Introduction

Obstructive sleep apnea (OSA) is a disease with complex pathological etiologies, and low respiratory arousal threshold (ArTH) has been suggested to be an exacerbating factor [1]. The increase of negative intrathoracic pressure leads to cortical arousal during an obstructive apnea event [2]. Arousals may occur before or after upper airway opening [3], depending on the levels of both arousal threshold and effective upper airway recruitment threshold which vary between individual [2]. Premature arousal increases respiratory instability as well as subsequent respiratory events [4], and it also prevents deep sleep. Except for obese patients with OSA who depend on cortical arousal to open upper airways, arousal is considered to have negative effects on OSA severity [3].

Low ArTH is prevalent among non-obese patients with OSA [5], and non-obese patients with OSA are common in Asia [6, 7]. Low-ArTH OSA patients had been observed to be non-obese and had worse compliance with continuous positive airway pressure (CPAP) use compared with high-ArTH patients in Western populations [5, 8]. Despite that low-ArTH OSA may be common in the Asian population, the clinical characteristics have not been examined. The symptom profiles of OSA patients are different between ethnicity groups in international studies [9, 10]. In addition to typical OSA symptoms included in screening tools such as snoring, witnessed apneas, and excessive sleepiness, numerous clinical symptoms were complained by OSA patients, for example, morning headache, nocturia, bruxism, and gastrointestinal reflux. Antidepressant use has been observed to be associated with low ArTH, but physical illnesses were not [8]. Whether low-ArTH patients present a different clinical profile from high-ArTH patients was unclear.
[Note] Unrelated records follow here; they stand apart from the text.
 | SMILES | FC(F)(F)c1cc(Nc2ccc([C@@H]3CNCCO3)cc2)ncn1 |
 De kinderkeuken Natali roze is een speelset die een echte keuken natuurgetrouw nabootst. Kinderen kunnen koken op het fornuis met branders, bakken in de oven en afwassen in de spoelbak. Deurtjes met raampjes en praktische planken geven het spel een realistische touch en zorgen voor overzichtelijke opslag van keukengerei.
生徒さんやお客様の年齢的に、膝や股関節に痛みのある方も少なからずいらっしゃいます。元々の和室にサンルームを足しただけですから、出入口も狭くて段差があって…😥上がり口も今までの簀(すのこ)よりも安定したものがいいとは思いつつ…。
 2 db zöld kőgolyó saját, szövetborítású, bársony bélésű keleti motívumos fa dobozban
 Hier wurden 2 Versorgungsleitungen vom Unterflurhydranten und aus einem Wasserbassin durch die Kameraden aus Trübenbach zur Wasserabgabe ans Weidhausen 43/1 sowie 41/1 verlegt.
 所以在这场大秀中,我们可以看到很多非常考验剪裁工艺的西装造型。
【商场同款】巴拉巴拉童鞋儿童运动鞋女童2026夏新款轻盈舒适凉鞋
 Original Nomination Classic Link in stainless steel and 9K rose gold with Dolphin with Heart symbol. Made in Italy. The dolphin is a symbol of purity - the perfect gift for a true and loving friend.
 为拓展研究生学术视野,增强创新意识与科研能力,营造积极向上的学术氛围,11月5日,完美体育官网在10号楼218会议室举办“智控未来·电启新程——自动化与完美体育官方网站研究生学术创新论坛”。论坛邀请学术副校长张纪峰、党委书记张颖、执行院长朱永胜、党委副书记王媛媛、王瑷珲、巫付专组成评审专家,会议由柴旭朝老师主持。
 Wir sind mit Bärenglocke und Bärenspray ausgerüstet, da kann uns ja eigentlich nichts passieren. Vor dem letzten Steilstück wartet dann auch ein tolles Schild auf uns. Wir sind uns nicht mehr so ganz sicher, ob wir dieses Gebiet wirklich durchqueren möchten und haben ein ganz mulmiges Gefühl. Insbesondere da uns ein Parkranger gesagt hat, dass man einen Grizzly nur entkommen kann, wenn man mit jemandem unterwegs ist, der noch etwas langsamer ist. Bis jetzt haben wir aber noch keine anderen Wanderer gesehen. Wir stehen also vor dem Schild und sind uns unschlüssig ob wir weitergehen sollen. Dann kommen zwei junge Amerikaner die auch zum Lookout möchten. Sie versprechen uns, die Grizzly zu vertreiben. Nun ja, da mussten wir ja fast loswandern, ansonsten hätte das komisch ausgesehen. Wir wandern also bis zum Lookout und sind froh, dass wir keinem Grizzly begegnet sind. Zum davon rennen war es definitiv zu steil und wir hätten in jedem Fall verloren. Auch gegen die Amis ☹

Furthermore, treatment recommendations for OSA may differ between low- and high-ArTH patients. CPAP reduced ArTH in severe OSA patients [11, 12], and is often intolerable to less severe OSA patients [13]. Hypnotics help improve sleep quality such that individuals who are prone to repeated awakenings on CPAP treatment may tolerate better [14, 15]. Some but not all studies showed that hypnotics increased ArTH and decreased AHI [16], while the effect was most prominent among low-ArTH patients [17]. Although CPAP is a powerful treatment choice for OSA, it could be underused among low-ArTH patients. It also has not been examined how CPAP treatment changes sleep structures among low-ArTH patients.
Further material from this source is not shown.